Vermont's congressional delegation wrote in protest of the re-licensing, "It is hard to understand how the NRC could move forward with a license extension for Vermont Yankee at exactly the same time as a nuclear reactor of similar design is in partial meltdown in Japan."
Nevertheless, the 40-year-long campaign of petitions, rallies, legal challenges and civil disobedience has never been as close to success as now. Recently elected Democratic Gov. Peter Shumlin ran on a platform of closing Vermont Yankee and the Vermont Senate voted 33-11 to deny permission to Yankee for continued operation. For his part, Shumlin dismissed the NRC re-licensing as irrelevant because of a 2002 agreement Vermont signed with Entergy requiring state approval for operations past 2012.
Debra Stoleroff, an organizer with the Vermont Yankee Decommissioning Alliance, is optimistic that Entergy will close the nuke. But though the Vermont Senate shows no signs of backing down on its vote to close Yankee, says Stoleroff, opponents need to keep up the pressure on legislators because "you can't underestimate Entergy."
Others are less confident. Clay Turnball is an activist with the New England Coalition on Nuclear Pollution, a group that has been fighting Vermont Yankee owners since 1971 over unsafe operation of the reactor.
Turnball notes that there are signs in Entergy's communications with state regulators that it may contest Vermont's jurisdiction over plant operations--opening the door to federal preemption of Vermont's ability to force the plant to close. If the battle ends up in federal courts, Turnball fears that the state wouldn't prevail. He thinks the NRC won't reverse its position on re-licensing and close the plant, because "that would be an admission that Vermont Yankee is not safe."
WHEN THE plant does eventually close, there are big questions about what happens then. Instead of the immediate clean-up called for by anti-nuclear activists, says Stoleroff, Entergy plans a so-called "safe store," which means mothballing the plant for 30 years. Yankee currently keeps more spent fuel rods accumulated beside the reactor on the banks of the Connecticut River than are at the damaged Fukushima plant. According to a Nation report:
Spent fuel pools at Fukushima are not equipped with backup water-circulation systems or backup generators for the water-circulation system they do have. The exact same design flaw is in place at Vermont Yankee, a nuclear plant of the same GE design as the Fukushima reactors. At Fukushima, each reactor has between 60 and 83 tons of spent fuel rods stored next to them. Vermont Yankee has a staggering 690 tons of spent fuel rods on site.
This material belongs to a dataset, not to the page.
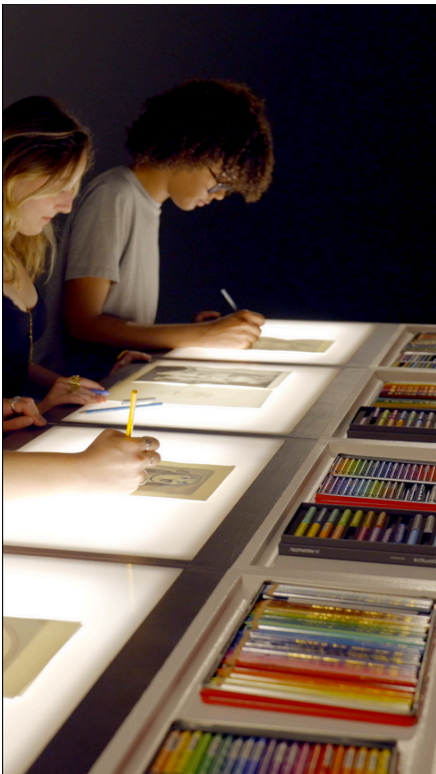
Drawing collection workshops for the exhibition "Reanimation Paintings: A Thousand Voices" 2024

There is an immediate sensory stimulation in seeing the imaginations of thousands of children flash before your eyes. But behind the drawings are both individual and universal stories [...]" Oliver Beer, 2023

Entergy spent enormous sums of money in the last election cycle with its "I am Vermont Yankee" public relations campaign that touted Yankee's supposed environmental benefits and good jobs. In response, advocates of closure call for a "just transition" for workers, their families and communities. Green Mountain Labor Council President Traven Leyshon says that "Vermonters should also be working with the workers' unions to make sure that the new jobs created in cleaning up Yankee and in alternative energy are good family-wage union jobs."
Given the resources that Entergy has for advertising and the $35 million salary of its CEO, J. Wayne Leonard, there should be no problem providing for workers after closure--including employing them over the many years that a responsible decommissioning will take.
Thinking ahead to the potential to build a stronger movement to close nukes across the U.S. and turn toward renewable energy, Turnball emphasizes that closing Yankee would be "precedent-setting, and the situation is very dynamic." Closing the nuke while replacing its power with renewables would be a great demonstration of where the whole industry should go.
And if the closure doesn't go through in 2012 as the state is insisting, some activists are suggesting mass direct action to shut down the plant.
At the vigil outside the plant gates, Eddie, a middle school student, said: "It's outrageous that they're still running Vermont Yankee and other plants after what happened in Japan. They just want to make money, and they don't care if it can cause a catastrophe...We're told that we can't fight back, but events like this one and like what people did in Wisconsin show that we can."